Ethan Benson writes:

> what part of:
> 
> Mail-Followup-To: debian-powerpc@lists.debian.org
> Mail-Copies-To: nobody
> X-No-CC: I subscribe to this list; do not CC me on replies.
> 
> don't you understand?

1. it is in the headers instead of the signature
2. it isn't handled by my crufty old UNIX mail program

Have you written a mail program that interprets X-No-CC ?

> you demonstrate how little you know about how OldWorld Macintoshes
> work.

You have forever destroyed my innocent faith in the beauty
of Apple hardware. Shame on you!  :-(  I now declare the
modern PC architecture to be a coherent and efficient design.
Even the A20 line and MBR are looking good now.

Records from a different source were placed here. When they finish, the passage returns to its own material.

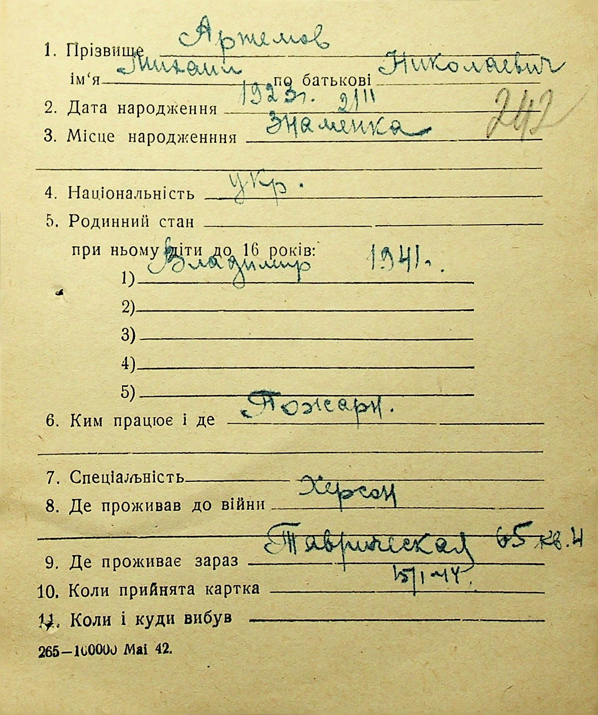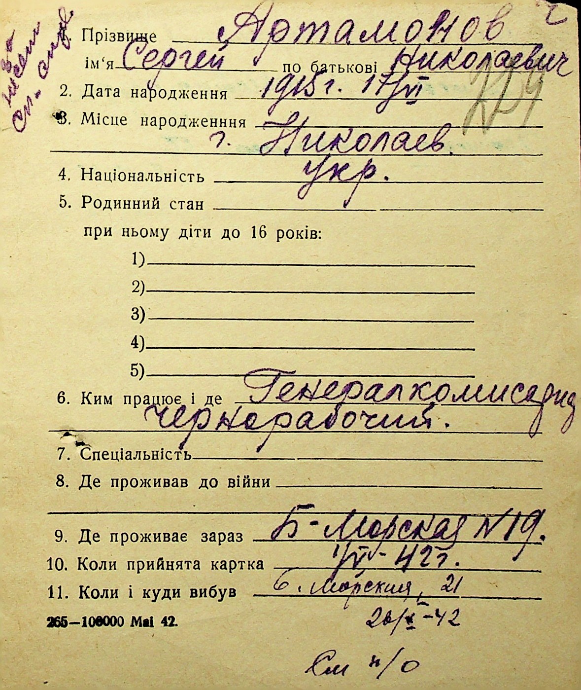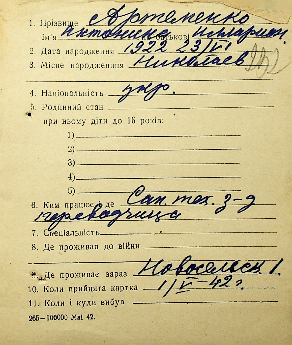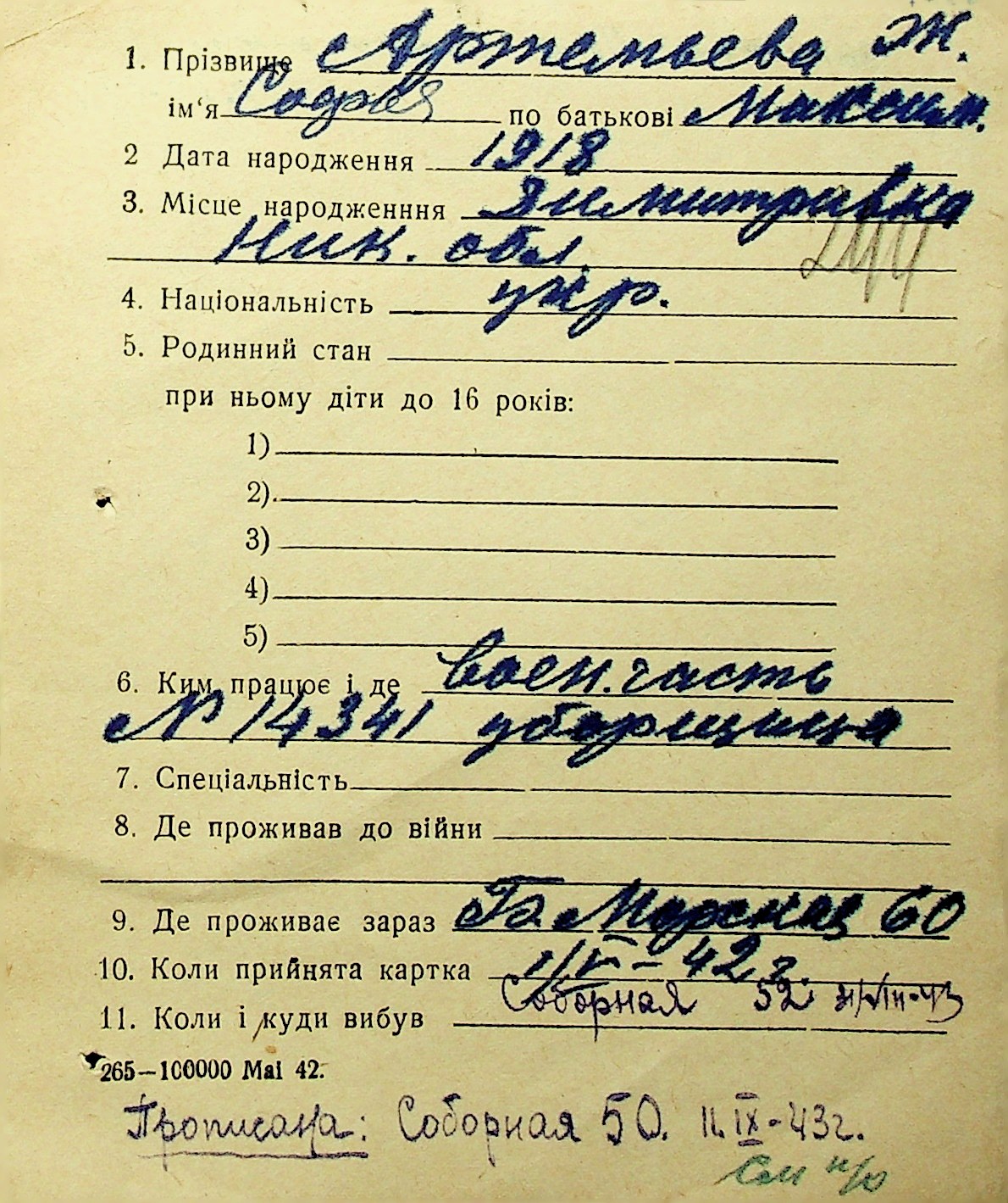 • • • • Справа № 1 “Картки адресного бюро м. Миколаєва на осіб, які працювали в німецько-фашистських установах та військових частинах. Прізвища на літеру «А». Том 3”
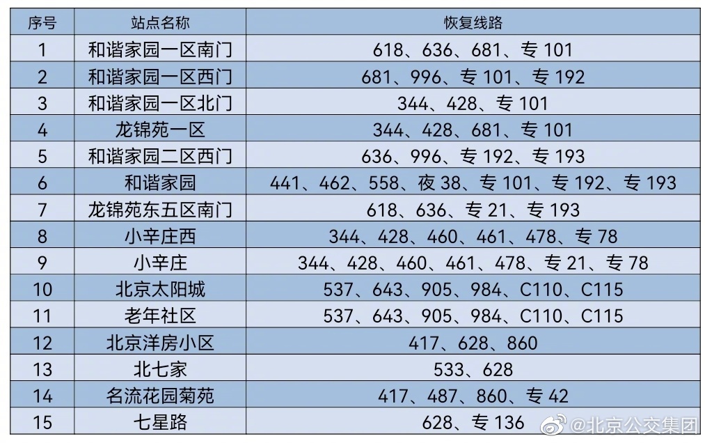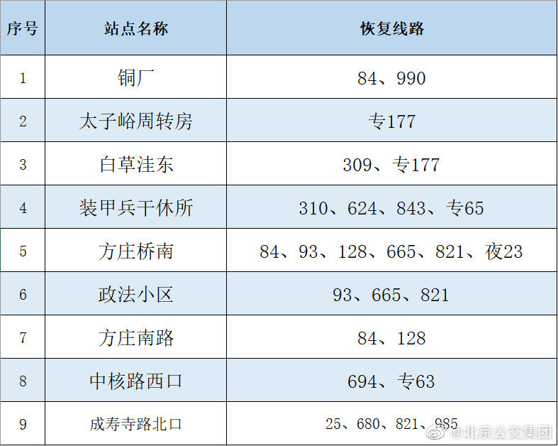 央廣網(wǎng)北京6月16日消息 據(jù)北京公交集團官博消息,按照防疫工作要求,自2022年6月16日首班車起,對前期途經(jīng)昌平區(qū)封管控區(qū)域周邊采取甩站措施的35條線路以及前期途經(jīng)豐臺區(qū)封管控區(qū)域周邊采取甩站措施的18條線路,恢復(fù)正常運營,恢復(fù)信息詳見下表。
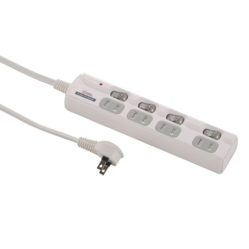 - LED個別スイッチ/雷サージ軽減素子機能付き 節電タップ 5m [品番]00-1958
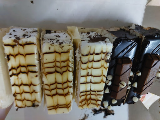 Look! I am buying cake from this shop from about 2 years. So, here we go. First of all there is no parking space so prefer coming here by 2 wheeler, There is proper sanitizing and temperature checking. Cakes are fresh yet vegetarian. I really like their chocolate cake and Other snacks. They also have normal grocery items and some snacks like patties, frozen burgers, Stuffed kulcha, Hot dog, etc.. Well, there's a problem happened with me. I baught 4 patties and 2 kulchas so the patties were not fresh! It was having a hair in it Yuck! You know that was unexpectable from such a bakery! Kulcha was as usual. Unfortunately I didn't have a photo of it so... Anyways, Place is Ok, Cakes are perfect and Yes I'll suggest you...
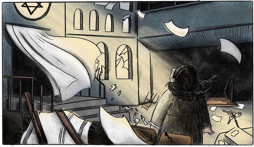 סוף־סוף שחרר את אחיזתו הגבאי בדלת בית הכנסת והיא נפתחה. לפניי נגלה אולם התפילה והוא ריק ואין בו אף לא אדם אחד. כאילו בא הרוח וסחף את הכל. אין איש או אישה בכל המבנה, וצעדיי מהדהדים בין ספסלי העץ הריקים. על משענות היד זרוקות טליתות שנשמטו ובעזרת הנשים ממחטות וצרורות מפתחות פזורים על הרצפות.
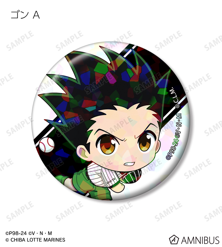 ゴン、キルア、レオリオ、クラピカ、ヒソカの描き起こしちびキャライラストをチームカラーに合わせ、ホログラム加工を施した缶バッジに仕上げました。
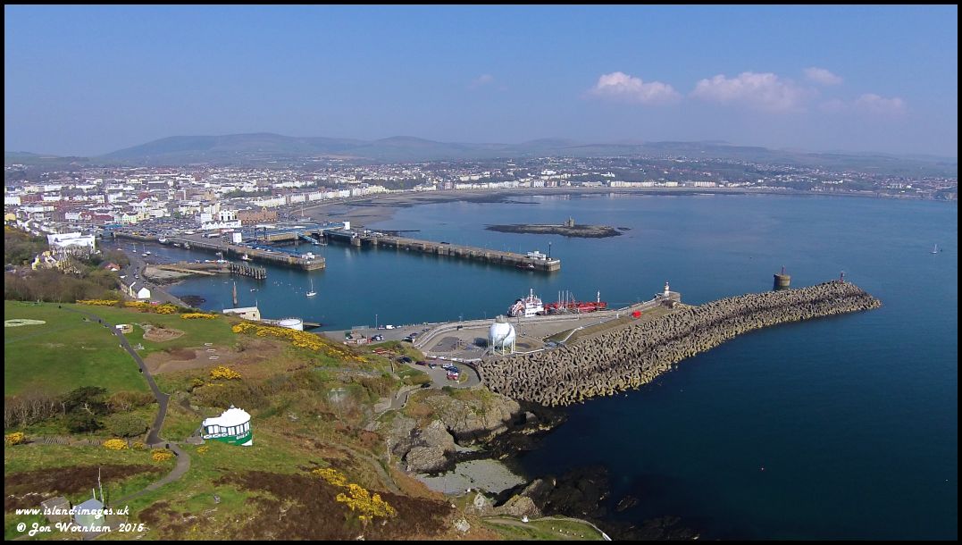 Looking over Douglas Harbour to the town, with the Camera Obscura in the foreground
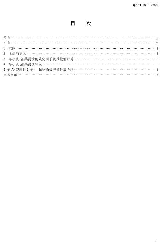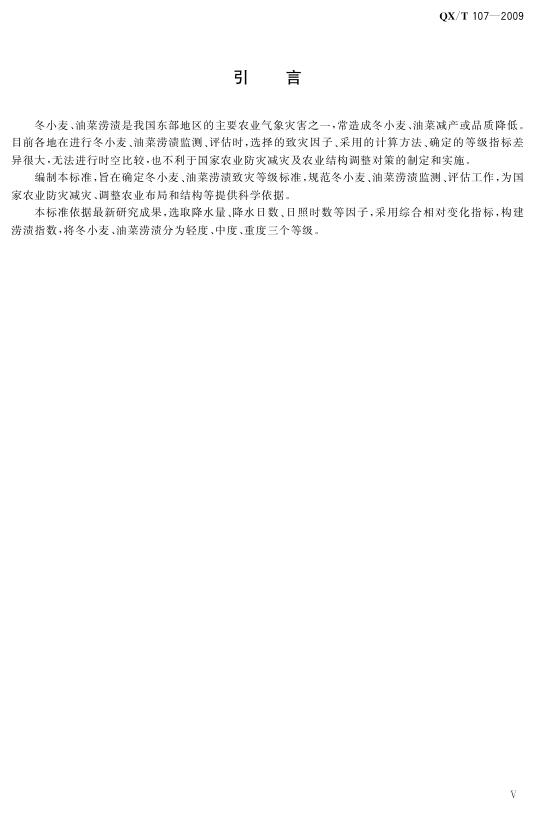 QX/T 107-2009 冬小麦、油菜涝渍等级
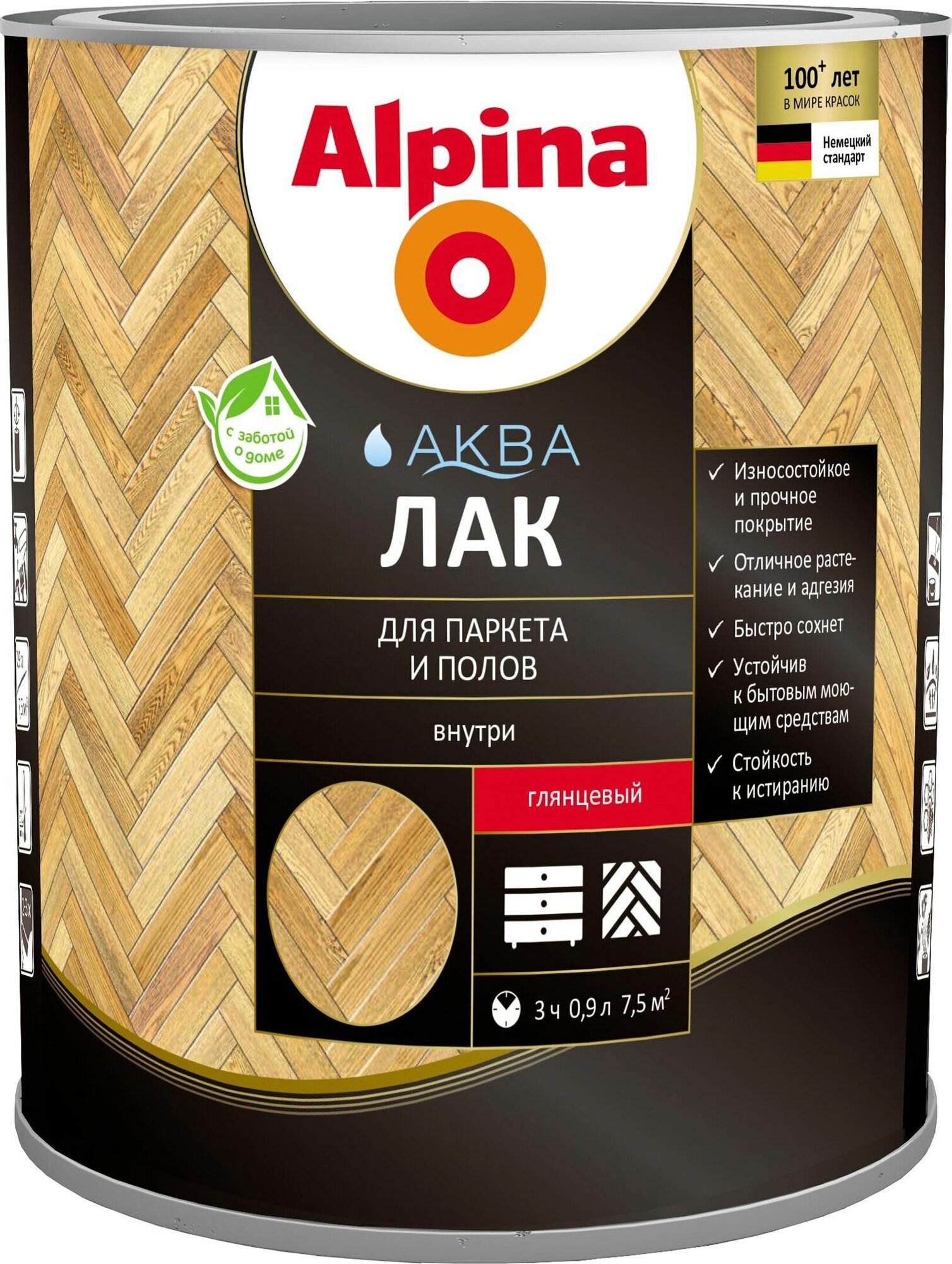 **Лак паркетный Alpina** образует глянцевое покрытие. Предназначен для нанесения внутри помещения. Характеризуется отличной адгезией к деревянным поверхностям и устойчивостью к истиранию, обработке моющими средствами. Для высыхания требуется всего 3 часа. Одной банки достаточно, чтобы обработать до 7,5 м² пола. Поверхность рекомендуется очистить от мусора и грязи. Изготовлен на водно-акриловой основе. Может подвергаться колеровке.
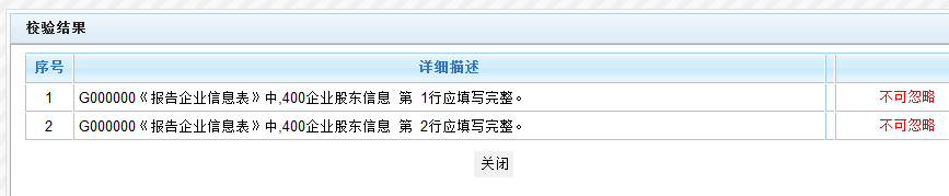 3、关联业务报表填写后校验提示“G000000《报告企业信息表》中,400企业股东信息第1行应填写完整”,如何处理?
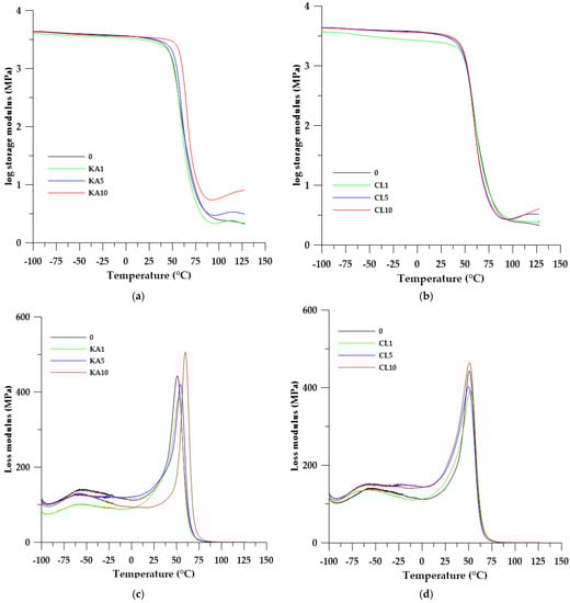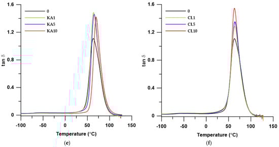 The flexibility of the material is also characterized by the value of the damping factor (tan δmax). The higher its value, the less flexible the material is, which makes it less capable of damping vibrations. Analyzing the effect of the filler addition on this parameter, it can be seen that its addition increased the tan δmax value with respect to the starting material. In the case of this parameter, there are clear differences in the type of filler used. In the series of composites with kaolinite, the tan δmax values decreased as the filler content increased, while in the series with clinoptilolite this relationship was reversed.
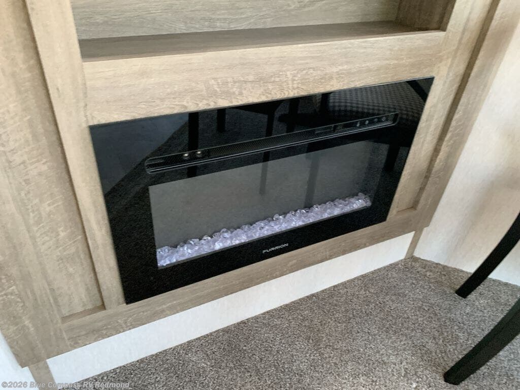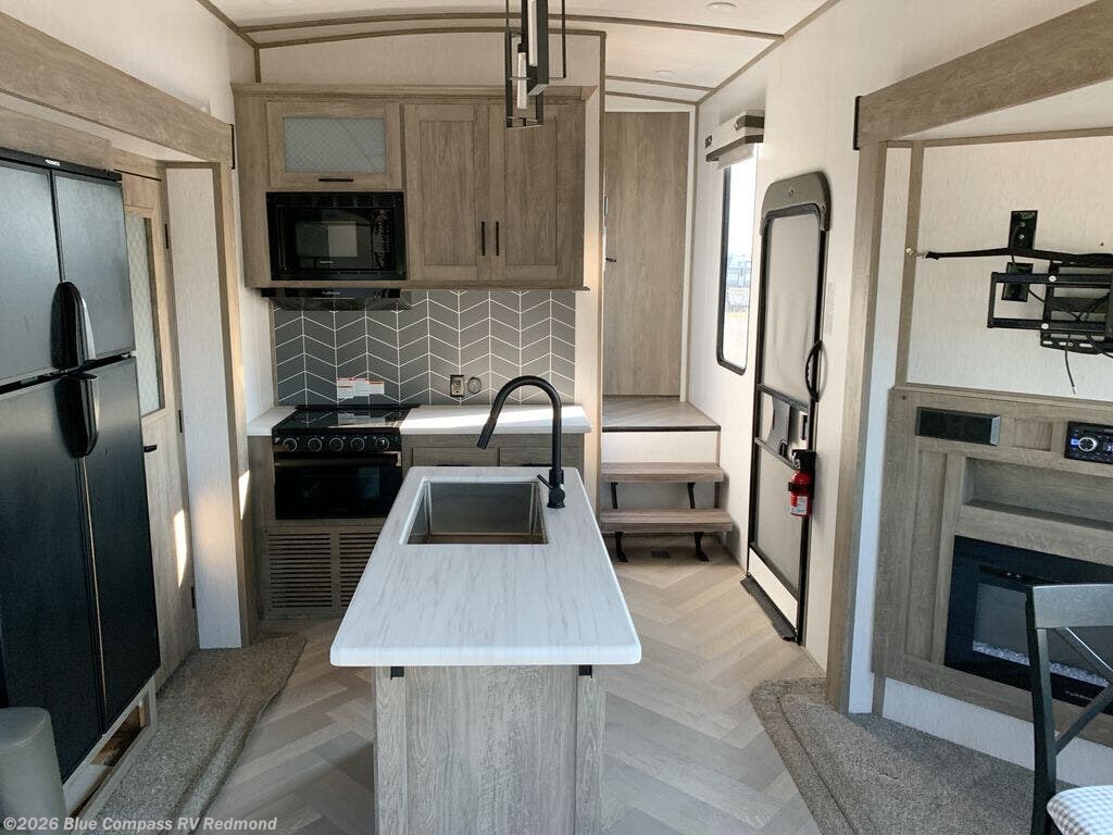 Enjoy the sunshine with panoramic windows throughout this fifth wheel! The rear living area is perfect for relaxing in at night on one of the two chairs or the tri-fold sofa. There is also a free standing dinette, a 50" LED TV, and a fireplace to make this area feel more like home. The kitchen has an island with a large sink to make clean up easier and a pantry big enough to store everyone's favorite snacks. The full bathroom has a residential walk-in shower with a seat and a skylight above for natural lighting as you get ready. When you're ready to hit the sack, head to the front private bedroom and enjoy a good night's rest on the custom king bed!

> first there are two firmwares in OldWorld PCI macs, the first is
> OpenFirmware, an extremely and hideously broken implementation of
> OpenFirmware, on most machines its either not capable of reading the
> disk at all, or can barly read it.

An aborted attempt to switch? It makes no sense to even have
the OpenFirmware code if it isn't used.

> the next is a 4MB ROM with the core of MacOS burned onto it (on very
> old macs this was actually complete enough to boot without any other
> media).

This is 680x0 code too, isn't it?

> it then checks the hard disk, the very first thing it checks on a hard
> disk (or CD) is the Driver descriptor map (block 0 of the partition
> table) this contains a list of MacOS disk drivers installed on the
> disk (in Apple_Driver43 partitions), if no drivers are found the ROM
> code rules the disk unbootable and irrelevant, thus ignores it[0].  if
> the drivers are found the code in them is loaded to replace the disk
> drivers that were burned into the ROM (since they are usually broken

On a new system, with "ROM" coming from an HFS partition,
the driver partitions make no sense at all.

> now its certainly possible for a disk driver to be written which is
> free software, or even pretends to be a driver but really acts as a
> bootloader, but nobody is all that interested in learning and coding
> such a beast, besides that if you ever boot MacOS it may overwrite
> this driver to `update' it (macos upgrades typically do this), a fake
> driver would probably interfere with use of MacOS at all, but if you
> wanted a macos free machine that wouldn't matter i suppose.

One would want to make the bootloader be a wrapper that can
supply the old driver when booting MacOS, and then write a
MacOS program (extension?) to fix up the bootloader at shutdown.
Yeah, fat chance anyone would.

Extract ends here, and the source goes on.